§ TRY IT
Give back the listing word for word, from top to bottom.

§ GIVEN INFORMATION
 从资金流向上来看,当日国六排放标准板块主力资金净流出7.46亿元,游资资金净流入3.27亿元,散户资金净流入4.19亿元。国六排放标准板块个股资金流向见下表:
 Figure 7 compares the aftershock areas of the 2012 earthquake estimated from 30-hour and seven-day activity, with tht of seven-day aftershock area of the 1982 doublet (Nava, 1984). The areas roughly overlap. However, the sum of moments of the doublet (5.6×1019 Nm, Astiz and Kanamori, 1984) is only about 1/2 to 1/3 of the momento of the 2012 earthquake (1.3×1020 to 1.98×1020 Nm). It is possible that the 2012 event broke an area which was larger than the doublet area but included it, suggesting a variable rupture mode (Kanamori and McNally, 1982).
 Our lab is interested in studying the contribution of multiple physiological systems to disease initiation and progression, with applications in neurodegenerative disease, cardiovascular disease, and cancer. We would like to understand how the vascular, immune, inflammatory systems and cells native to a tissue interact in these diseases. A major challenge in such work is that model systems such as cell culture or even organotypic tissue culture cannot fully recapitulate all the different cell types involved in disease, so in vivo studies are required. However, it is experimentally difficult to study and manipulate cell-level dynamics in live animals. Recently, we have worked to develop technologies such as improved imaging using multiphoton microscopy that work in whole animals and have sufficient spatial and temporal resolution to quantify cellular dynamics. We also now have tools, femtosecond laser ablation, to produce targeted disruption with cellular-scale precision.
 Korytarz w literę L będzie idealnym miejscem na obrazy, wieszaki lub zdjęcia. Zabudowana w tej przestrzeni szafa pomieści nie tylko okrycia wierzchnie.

§ ANSWER TO THIS PROBLEM
 从资金流向上来看,当日国六排放标准板块主力资金净流出7.46亿元,游资资金净流入3.27亿元,散户资金净流入4.19亿元。国六排放标准板块个股资金流向见下表:
 Figure 7 compares the aftershock areas of the 2012 earthquake estimated from 30-hour and seven-day activity, with tht of seven-day aftershock area of the 1982 doublet (Nava, 1984). The areas roughly overlap. However, the sum of moments of the doublet (5.6×1019 Nm, Astiz and Kanamori, 1984) is only about 1/2 to 1/3 of the momento of the 2012 earthquake (1.3×1020 to 1.98×1020 Nm). It is possible that the 2012 event broke an area which was larger than the doublet area but included it, suggesting a variable rupture mode (Kanamori and McNally, 1982).
 Our lab is interested in studying the contribution of multiple physiological systems to disease initiation and progression, with applications in neurodegenerative disease, cardiovascular disease, and cancer. We would like to understand how the vascular, immune, inflammatory systems and cells native to a tissue interact in these diseases. A major challenge in such work is that model systems such as cell culture or even organotypic tissue culture cannot fully recapitulate all the different cell types involved in disease, so in vivo studies are required. However, it is experimentally difficult to study and manipulate cell-level dynamics in live animals. Recently, we have worked to develop technologies such as improved imaging using multiphoton microscopy that work in whole animals and have sufficient spatial and temporal resolution to quantify cellular dynamics. We also now have tools, femtosecond laser ablation, to produce targeted disruption with cellular-scale precision.
 Korytarz w literę L będzie idealnym miejscem na obrazy, wieszaki lub zdjęcia. Zabudowana w tej przestrzeni szafa pomieści nie tylko okrycia wierzchnie.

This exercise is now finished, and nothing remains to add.